If a ship passes the checks, discussions regarding tolls will begin. Sources noted that Iran uses a ranking system from one to five for countries, where ships from friendly nations are likely to receive better terms. For oil tankers, the starting negotiation price is typically around $1 per barrel of oil, to be paid in yuan or stablecoins — cryptocurrencies tied to the value of hard currency.
A very large crude carrier (VLCC) generally has a capacity of about 2 million barrels.
Once the toll is settled, the IRGC issues a permit code and route instructions. Ships are expected to fly the flag of the nation that arranged the passage, and in some cases, must change their official registration to that country. As the vessel approaches the Strait of Hormuz, it must broadcast its passcode over very high frequency radio channels and will be escorted by a patrol boat through the passage, navigating close to the coast between a series of islands that have been informally labeled "the Iranian tollbooth" by industry insiders.
Recent vessel tracking data shows a slight increase in ship transits through the Strait of Hormuz over the past week, but the numbers remain far below pre-war levels.
The legal foundation for Iran's toll imposition is ambiguous. Typically, countries have territorial waters extending 12 nautical miles (about 14 miles or 22 kilometers) from their coastlines, where they can inspect ships.

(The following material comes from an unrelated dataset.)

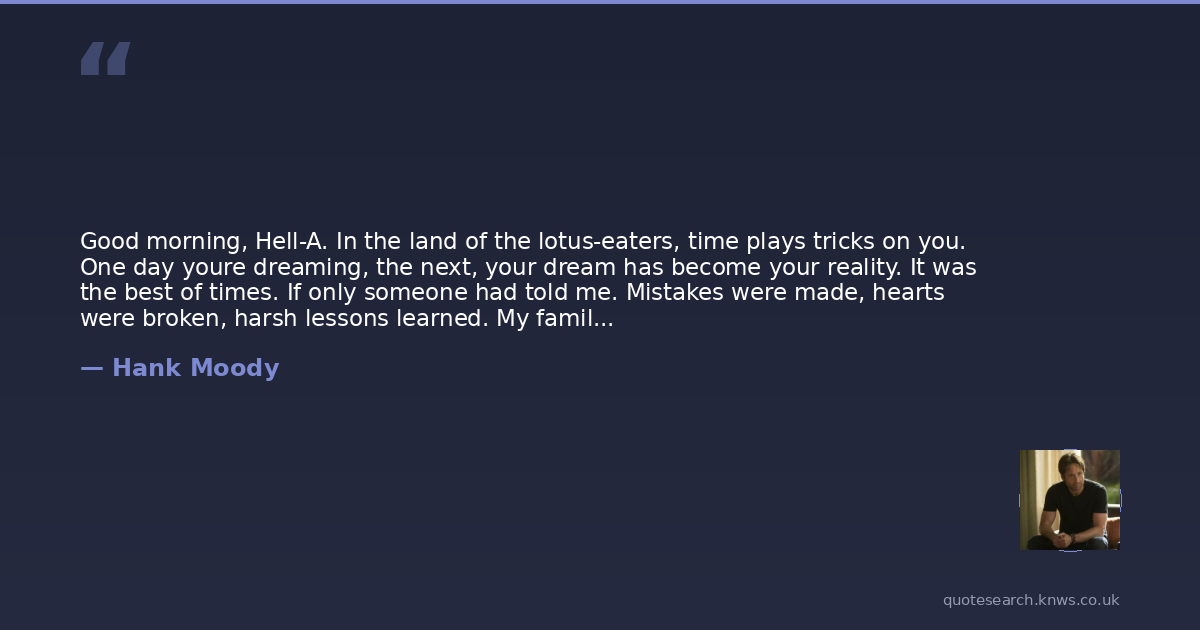 Good morning, Hell-A. In the land of the lotus-eaters, time plays tricks on you. One day youre dreaming, the next, your dream has become your reality. It was the best of times. If only someone had told me. Mistakes were made, hearts were broken, harsh lessons learned. My family goes on without me, while I drown in a sea of pointless pussy. I dont know how I got here. But here I am, rotting away in the warm California sun. There are things I need to figure out, for her sake, at least. The clock is ticking. The gap is widening. She wont always love me no matter what

This month, Iran sent a letter to the International Maritime Organization, stating that ships from non-hostile nations could safely transit through Hormuz while restricting access to those it views as hostile.
In the letter, Iran claimed, “As the coastal state bordering the Strait, the Islamic Republic of Iran is fully exercising its rights to self-defense and inspecting vessels, which requires payment of a fee,” according to Jason Chuah, a professor of commercial and maritime law at City University London. He added that many experts believe this practice lacks legal standing.
Ship owners and operators face complex legal issues regarding whether to pay these tolls, what regulations and sanctions might apply from the US and Iran, and insurance coverage concerns.
Chuah remarked, “The Iranian conflict has raised numerous challenges for international law, particularly as both sides engage in actions that are highly controversial under established rules.”
Insurance rates for vessels wanting to traverse the Strait of Hormuz have drastically soared. Several ships have been hit by projectiles while anchored in the Persian Gulf or within the strait. For instance, a Kuwaiti oil tanker was struck by a drone near Dubai on March 31, leading to damage and fires. Despite US assurances of naval escorts and state-backed insurance, ship owners remain concerned about risking their crews.
Negotiating passage with the IRGC may not seem like a secure option either. Alongside the safety risks and insurance costs, making deals with the IRGC, which is under US, EU, and UK sanctions, could expose ships to potential violations of sanctions or anti-money laundering laws, experts have noted.
In a recent statement, US President Donald Trump indicated he wants the war with Iran to end in two to three weeks, regardless of whether the Strait of Hormuz is reopened. Following his remarks, both Israel and the US continued their strikes against Iran, which retaliated by launching missiles and drones targeting various sites, with an oil tanker in Qatari waters among the casualties. Trump later stated that a ceasefire was only attainable if the strait was reopened.
Despite a deal for safe passage being in place, shipping risks remain high, said Basil Germond, who chairs the international security department at Lancaster University and is a visiting fellow at the Royal Navy Strategic Studies Centre. He noted, “For this approach to succeed, Tehran must maintain the capacity to credibly threaten commercial shipping in the Strait and the Gulf. To be credible, Iran needs to occasionally attack tankers.”